(Data records)
----
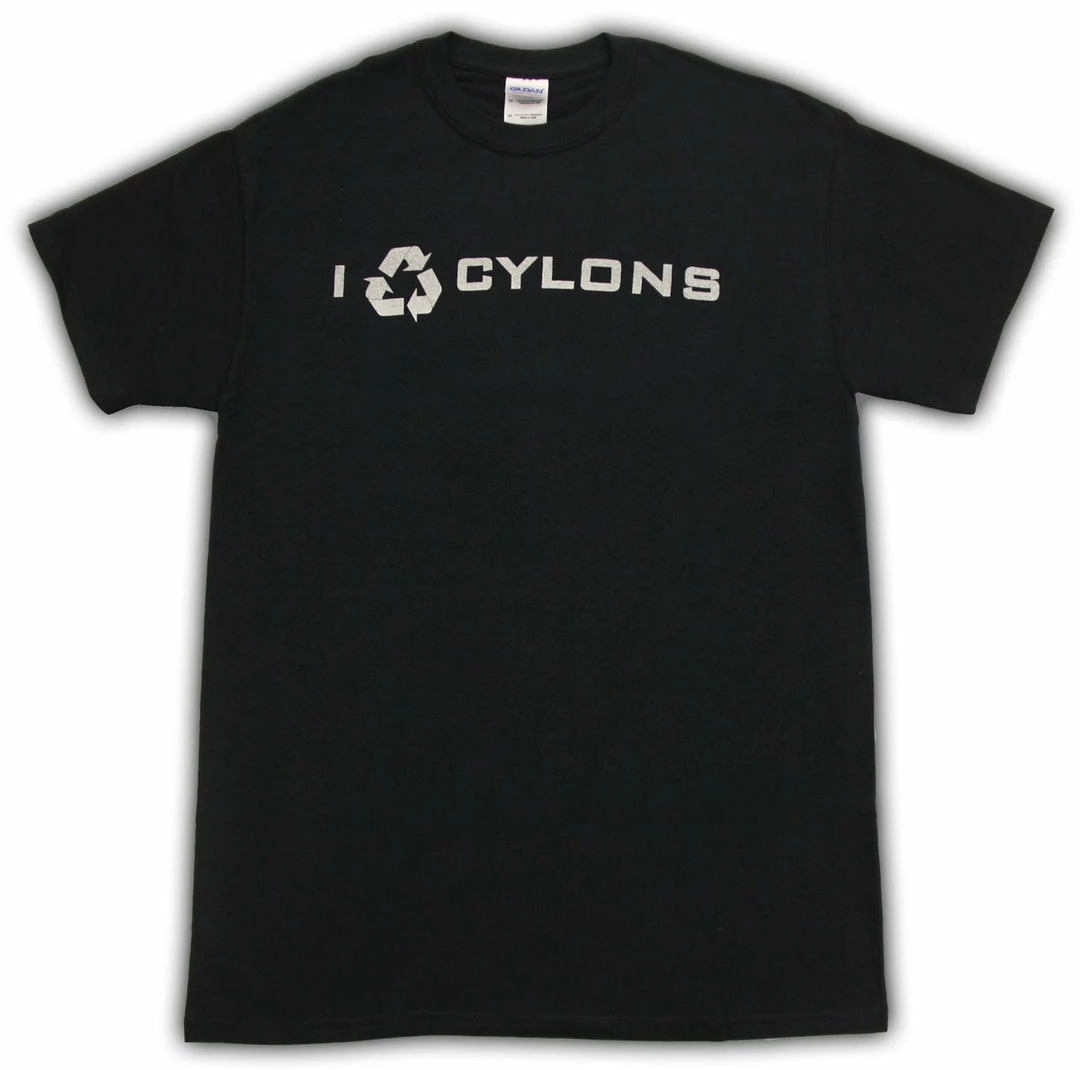 No need to waste resources! Show the galaxy you’re in favor of sending the Cylons back to their monotheistic deity by wearing this officially licensed “Battlestar Galactica” t-shirt. The shirt’s text is printed in a shiny, futuristic silver foil, possibly made from Centurion armor.
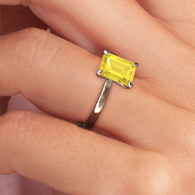 Der oben gezeigte Verlobungsring wird Crystal EME 1 genannt. Wir nennen das einen Solitär-Ring, denn er hat einen einzelnen Edelstein. Es ist ein Platin ring, mit 8x6 mm smaragd schliff Gelb Saphir. Das Besondere an unserem Konfigurator ist dass Sie selbst einem Schmuckstück zusammenstellen können zu einem eigenen persönlichen Schmuckstück. Dieser Solitäre Verlobungsring ist gefertigt in der Edelmetall Kombination Platin mit Platin, aber Sie können also auch wählen aus anderen Farben. Jedes Schmuckstück wird hergestellt mit Leidenschaft und Liebe, von einem unserer Meister-Goldschmiede. Der Solitär-Verlobungsring ist eine Sonderform des Verlobungsring. Seine offenen Krappen ermöglichen, dass Licht aus mehr Winkeln auf den Edelstein trifft. Dieser klassische Verlobungsring ist durch die hohe Positionierung des Edelsteins ein atemberaubender Blickfang. Wir schmücken diesen Solitär-Ring sorgfältig von Hand, damit Sie Ihren Anfrage mit einem einzigartigen Ring würdigen können. Die Liebe Ihres Lebens verdient nur das Beste. Nach Erhalt Ihrer Bestellung beginnen unsere Goldschmiede mit Leidenschaft den kreativen Prozess und fertigen Ihren Verlobungsring in unserem eigenen Studio. Da wir keine großen Lager haben, werden diese Kosten nicht an Sie weitergegeben. Unsere Preisgestaltung ist der Beweis dafür! Wir bieten Schmuck zum niedrigsten Preis, garantiert.Unsere Designer und Goldschmiede arbeiten jeden Tag zusammen und versuchen, neue Schmuckstücke zu kreieren. Vielleicht haben Sie irgendwo einen schönen, klassische Verlobungsring gefunden, nach dem Ihr einzigartiger Ring gestaltet werden kann. Setzen Sie sich mit uns in Verbindung. Wir machen Ihnen ein Angebot, basierend auf einem fairen Preis/Leistungsverhältnis, das Sie begeistern wird.Um es einfacher zu machen, bieten wir eine kostenlose 30-tägige Rücksendung.
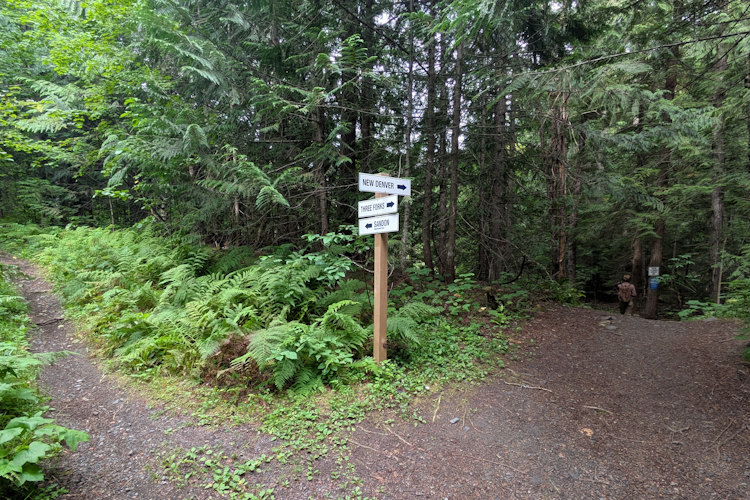 Early on you’ll encounter a fork in the trail. It too has signs directing you to continue on Galena Trail heading to New Denver or a second trail heading to Sandon. I’m unaware of a name for this trail to Sandon but it does suggest you can hike all the way to this infamous ghost town should you wish.
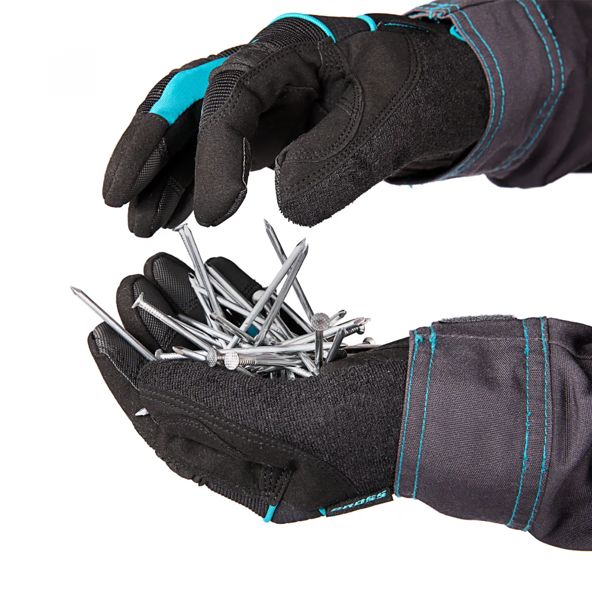 • Нескользящая поверхность — перчатки помогают надежно удерживать инструменты, поскольку на пальцах имеются латексные протекторы.
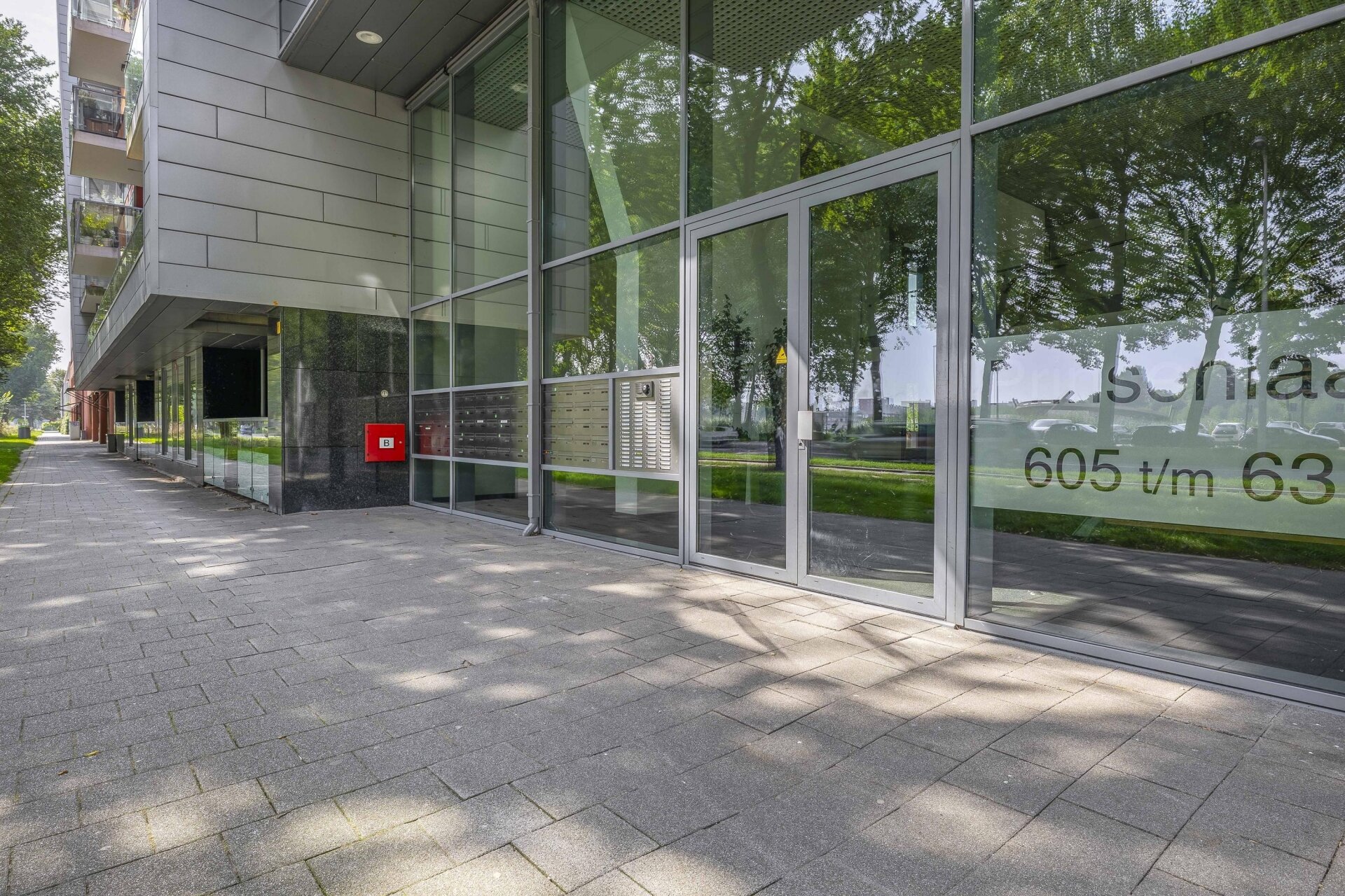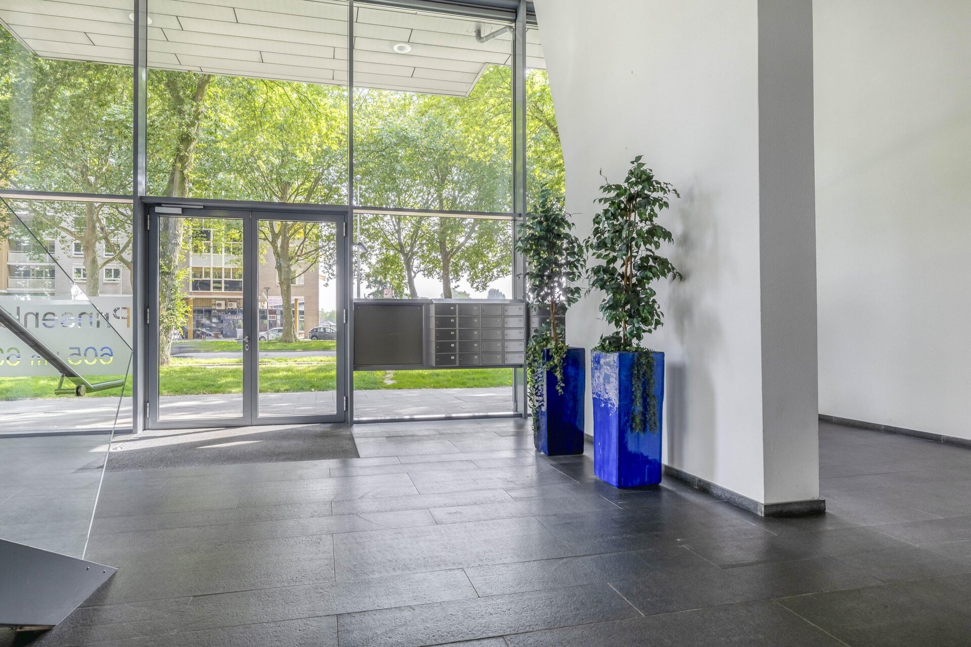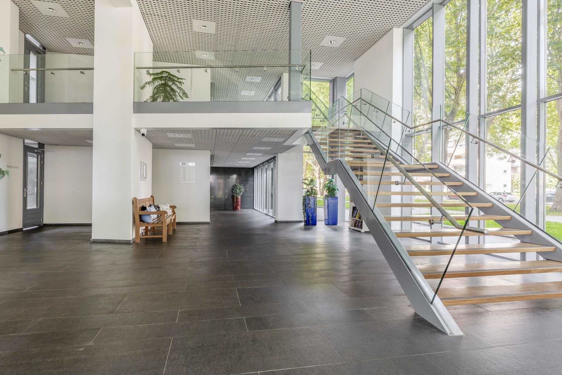 CENTRALE HAL: Vanuit de stijlvolle entree loop je zo door naar het trappenhuis, de liften en de inpandige parkeergarage; uiteraard afgesloten en alleen toegankelijk voor bewoners. Alles is strak verzorgd en praktisch ingedeeld.
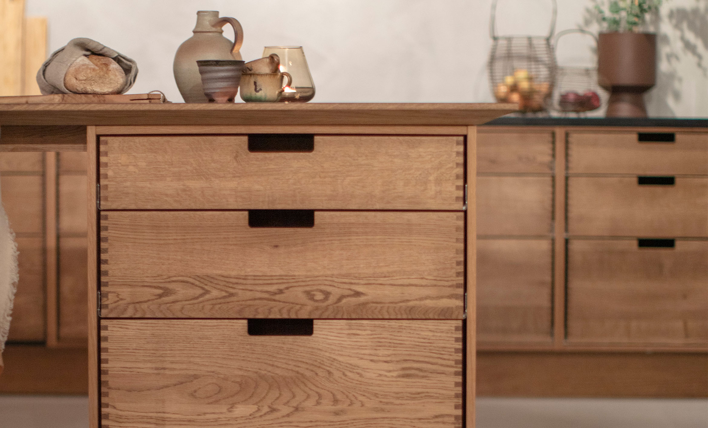 Hos JKE kombinerer vi fransk elegance med nordisk minimalisme for at skabe et unikt køkken. Materialerne og farverne er udvalgt for at fremhæve det franske look. Vores design skaber en hyggelig og indbydende stemning og med praktiske løsninger sikrer, at køkkenet fungerer optimalt i hverdagen.
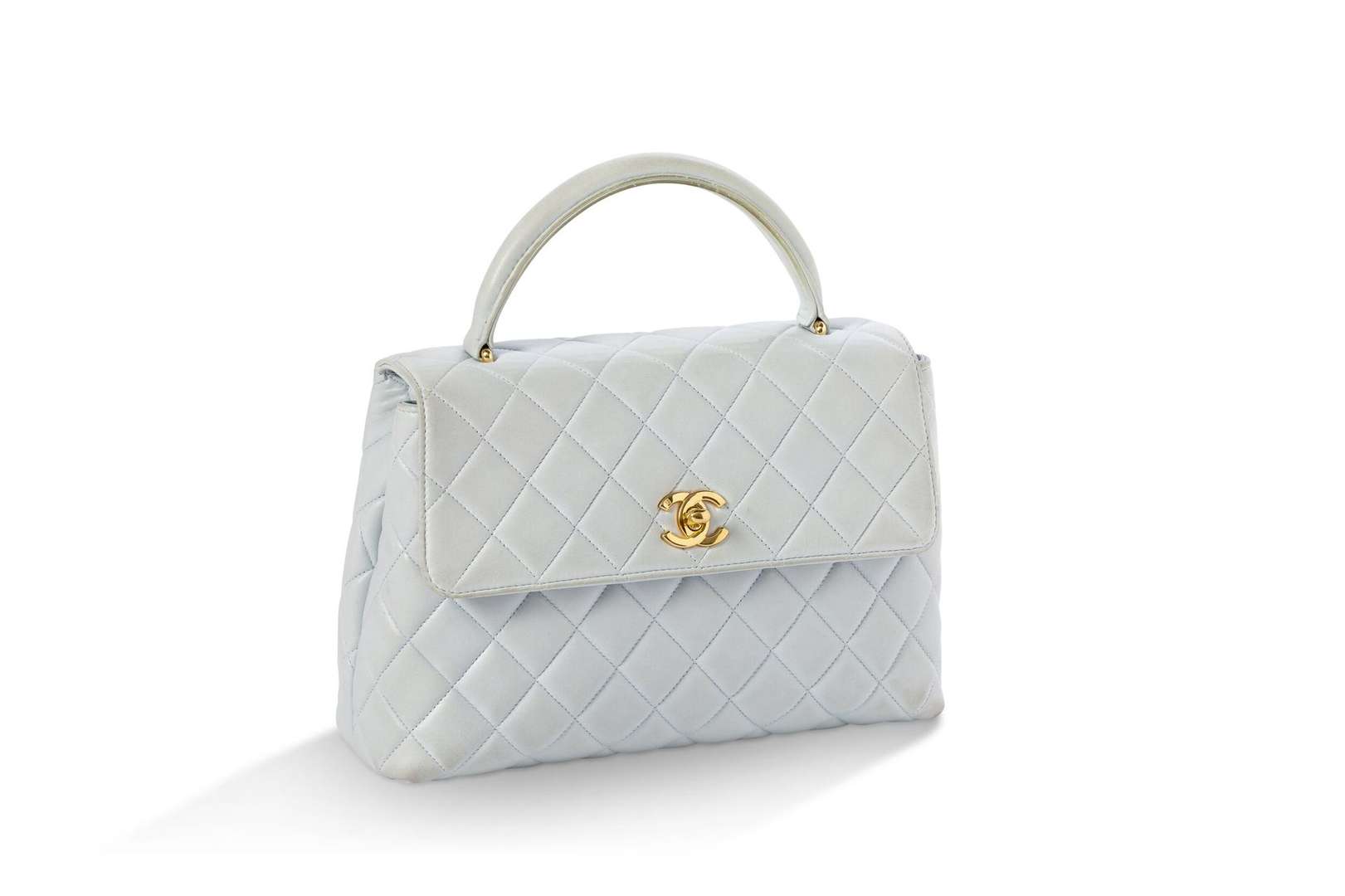 Sac en cuir matelassé bleu ciel avec garniture en métal doré. Poignée en cuir.
----
_WHAT TO DO_:
Reproduce the lines from the line containing "CENTRALE HAL: Vanuit" through the end of the records above, exactly and inclusively, omitting pictures.

_PROBLEM SOLUTION_:
 CENTRALE HAL: Vanuit de stijlvolle entree loop je zo door naar het trappenhuis, de liften en de inpandige parkeergarage; uiteraard afgesloten en alleen toegankelijk voor bewoners. Alles is strak verzorgd en praktisch ingedeeld.
 Hos JKE kombinerer vi fransk elegance med nordisk minimalisme for at skabe et unikt køkken. Materialerne og farverne er udvalgt for at fremhæve det franske look. Vores design skaber en hyggelig og indbydende stemning og med praktiske løsninger sikrer, at køkkenet fungerer optimalt i hverdagen.
 Sac en cuir matelassé bleu ciel avec garniture en métal doré. Poignée en cuir.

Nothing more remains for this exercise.